И, во-вторых, за прошедшие четыре года, когда Россия обогатилась за счёт сильно подорожавших земных ресурсов, стало окончательно ясно, что мы из себя представляем. Перестройка свершилась!!! Результат – не социализм, не классические деспотизм, олигархия или демократия. У нас родилась и процветает самая настоящая плутократия с застенчиво шаловливым лицом. Кто скажет, что это не так, тому достаточно задать хотя бы три вопроса. Что мешает правителям вот уже пятнадцать лет сделать рубль нормальным? Почему с незапамятных времён народ-люмпен с помощью новейших электронных средств сознательно (сознательно!) опускают до всё более низкого духовного уровня? Почему вчерашние нехристи, вдруг научившиеся креститься, не знают Библии, где, например, есть сюжет о двух чудаках, нашедших клад, из которых один свой горшок с тугриками зарыл в землю, и те пропали, а другой пустил деньги в оборот и, умно распоряжаясь, сделал себе и многим полезное…

Почему? Почему? И опять вспоминается Гоголь. В связи с новейшими разговорами.
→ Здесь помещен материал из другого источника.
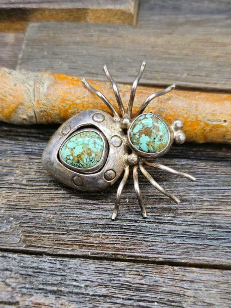 Vintage/Estate Sterling Silver Green Turquoise Spider Pin. All jewelry is handcrafted by Indigenous Artists. Vintage pieces are sold in "as-is" con...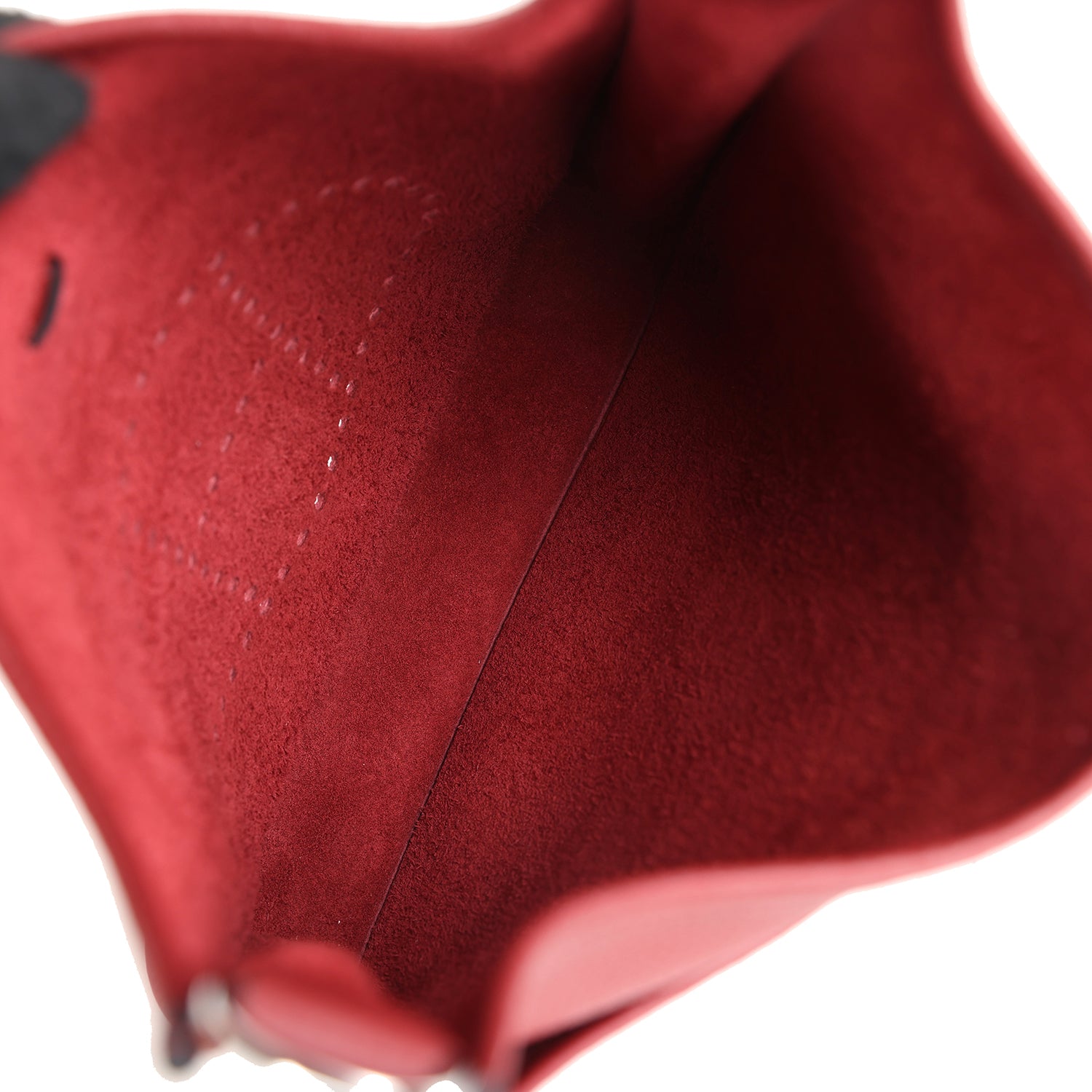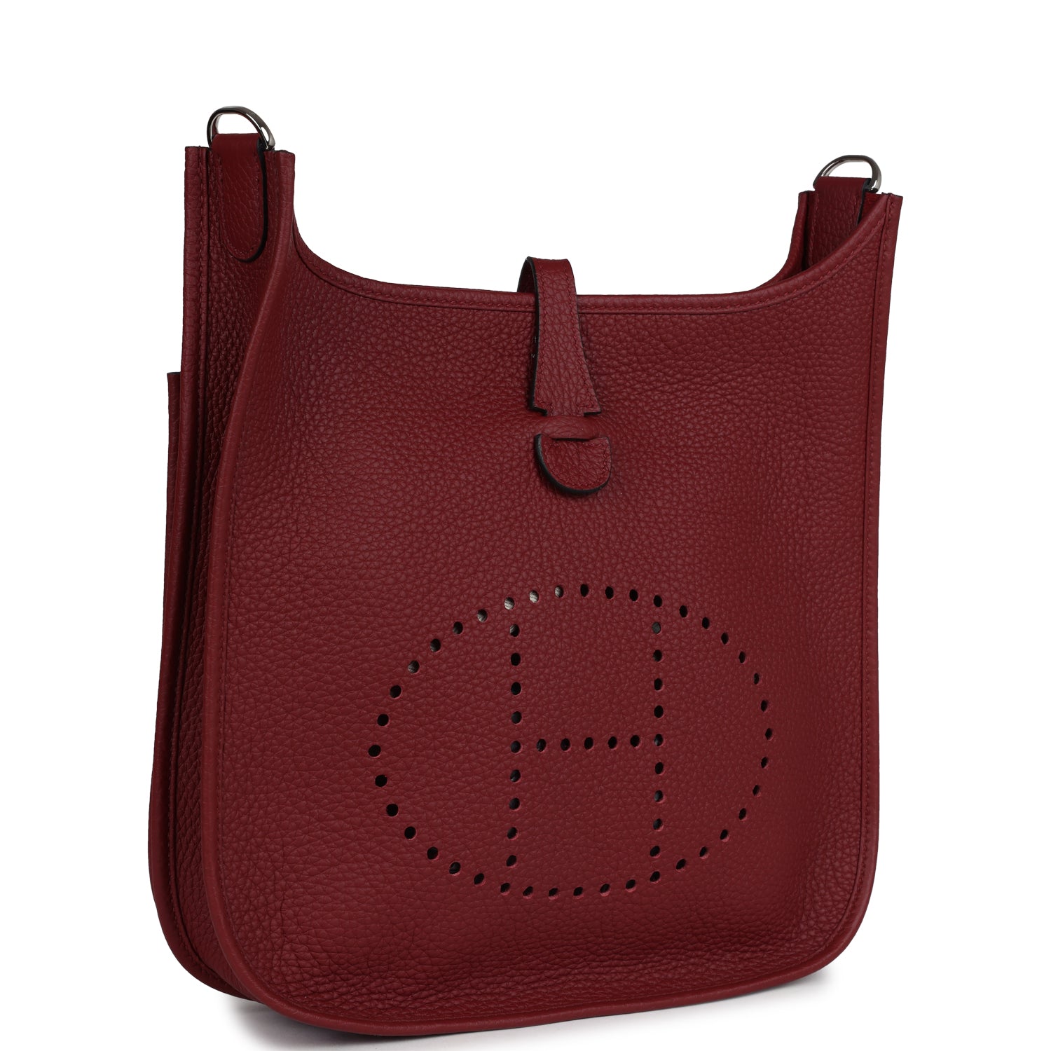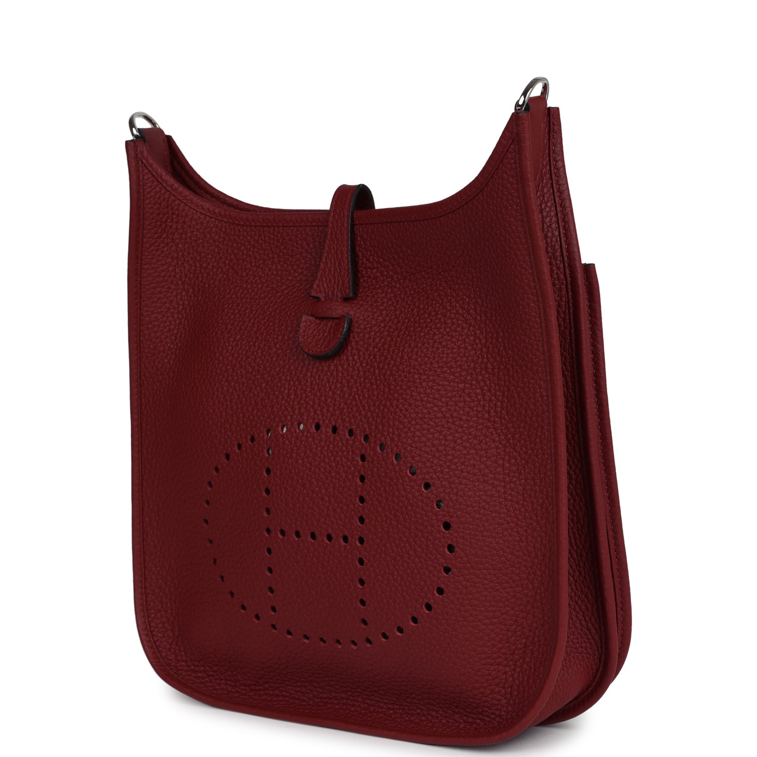This Evelyne is in Rouge H clemence leather with palladium hardware, tonal stitching, large perforated H in circle (front), pull tab top snap closure and a removable Rouge H shoulder/crossbody strap.

Что Гольфстрим остывает, и нас ожидает вовсе не затопление, а очередной Ледниковый период. Что после спида, ящура и птичьего гриппа грядут новые болезни, а люди в массе своей всё более восприимчивы ко всякой заразе. А самая жуткая и вполне осуществимая фантасмогория – Вечная Жизнь, новейшее изобретение, почище и страшнее атомной бомбы. Подумать только! Народ к Средству не допустят. И будут над смертным народом бессмертные товарищи Путин, Лужков, наш ростовский Чуб и ещё всякие замечательные лица. Сотворившие себе троны, они и теперь кажутся бессмертными, но Вечность…

Мы дети Космоса. Может быть, спасение придёт оттуда? Пульнёт он, как Бог равнодушный, в нас каменную или ледяную глыбу с… ну очень тяжёлую и быструю, и сотворится тьма, и погибнут почти все шесть миллиардов человеков, но кое-кто выживет и даст потомство и всё начнётся сначала, и опять несколько тысячелетий Земля будет чистой и прекрасной, а новые люди мало что ведающими…

Упаси нас, Космос, от такого спасения.